[Available data]

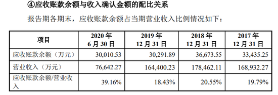 从上表还可以看到,2020年上半年,明泰股份应收账款余额激增,已经接近2019年全年的总和。
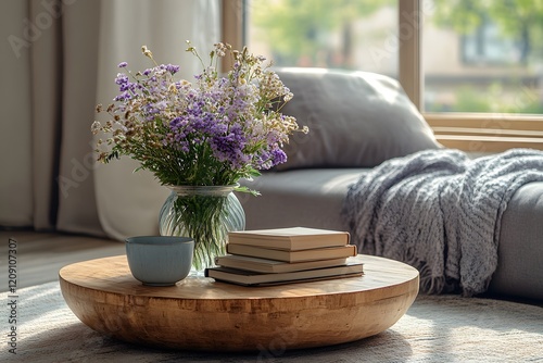 wooden, table, hot drink, flower, vase, book, mug, cup, purple, light, sun, window, room, home, interior, cosy, comfortable, relaxing, style, design, decor, aesthetic, natural, spring, summer, tranquil, peaceful, serenity, calm, soft, gentle, neutral, grey, blanket, carpet, floor, rustic, modern, simple, elegant
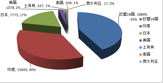 根據(jù)中國(guó)紡織品進(jìn)出口商會(huì)統(tǒng)計(jì),全球絲綢主要貿(mào)易國(guó)家/地區(qū)(中國(guó)、美國(guó)、日本、印度、土耳其、巴西、馬來(lái)西亞、澳大利亞、泰國(guó)和歐盟28國(guó))貿(mào)易總額為300.82億美元,同比下降2.6%。其中,出口額為146.85億美元,同比下降4.7%;進(jìn)口額為153.96億美元,同比下降0.5%。詳見(jiàn)下表:
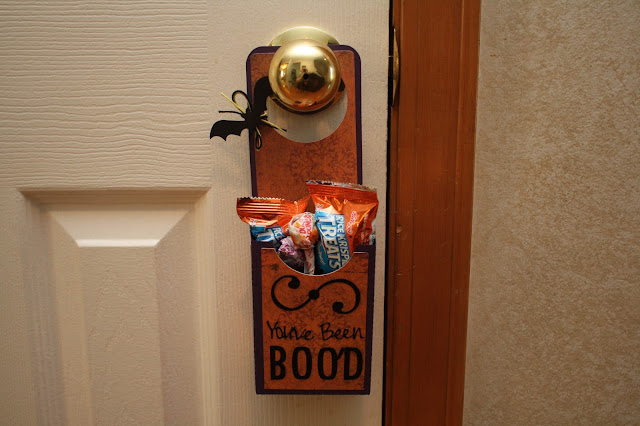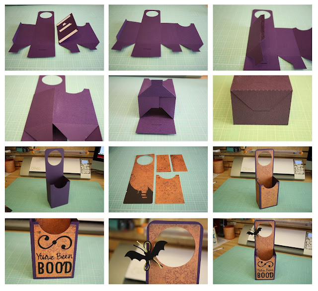 Do you "Boo" your neighborhood? We love to deliver little treats to our neighbors old and young and these little boxes make it so much fun! We fill the box with candy and wait until it is dusk out and then we place the boxes on the door handles and ring the doorbell and run! Once you have been "Boo'd" you are suppose to "Boo" someone else which leads to a lot of fun little treats for everyone and the kids just LOVE it! This box is 9-1/2" x 3-1/4" x 2-1/4" and holds lots and lots of goodies. The file comes with the box base, four decorative panels, the sentiment pieces, the bat, and the decorative swirl and it is compatible with both the 12x12 and 8-1/2x12 mats!

[/Available data]

= Work instruction =
Leave the images out and transcribe the remaining data above word for word.

= Written solution =
 从上表还可以看到,2020年上半年,明泰股份应收账款余额激增,已经接近2019年全年的总和。
 wooden, table, hot drink, flower, vase, book, mug, cup, purple, light, sun, window, room, home, interior, cosy, comfortable, relaxing, style, design, decor, aesthetic, natural, spring, summer, tranquil, peaceful, serenity, calm, soft, gentle, neutral, grey, blanket, carpet, floor, rustic, modern, simple, elegant
 根據(jù)中國(guó)紡織品進(jìn)出口商會(huì)統(tǒng)計(jì),全球絲綢主要貿(mào)易國(guó)家/地區(qū)(中國(guó)、美國(guó)、日本、印度、土耳其、巴西、馬來(lái)西亞、澳大利亞、泰國(guó)和歐盟28國(guó))貿(mào)易總額為300.82億美元,同比下降2.6%。其中,出口額為146.85億美元,同比下降4.7%;進(jìn)口額為153.96億美元,同比下降0.5%。詳見(jiàn)下表:
 Do you "Boo" your neighborhood? We love to deliver little treats to our neighbors old and young and these little boxes make it so much fun! We fill the box with candy and wait until it is dusk out and then we place the boxes on the door handles and ring the doorbell and run! Once you have been "Boo'd" you are suppose to "Boo" someone else which leads to a lot of fun little treats for everyone and the kids just LOVE it! This box is 9-1/2" x 3-1/4" x 2-1/4" and holds lots and lots of goodies. The file comes with the box base, four decorative panels, the sentiment pieces, the bat, and the decorative swirl and it is compatible with both the 12x12 and 8-1/2x12 mats!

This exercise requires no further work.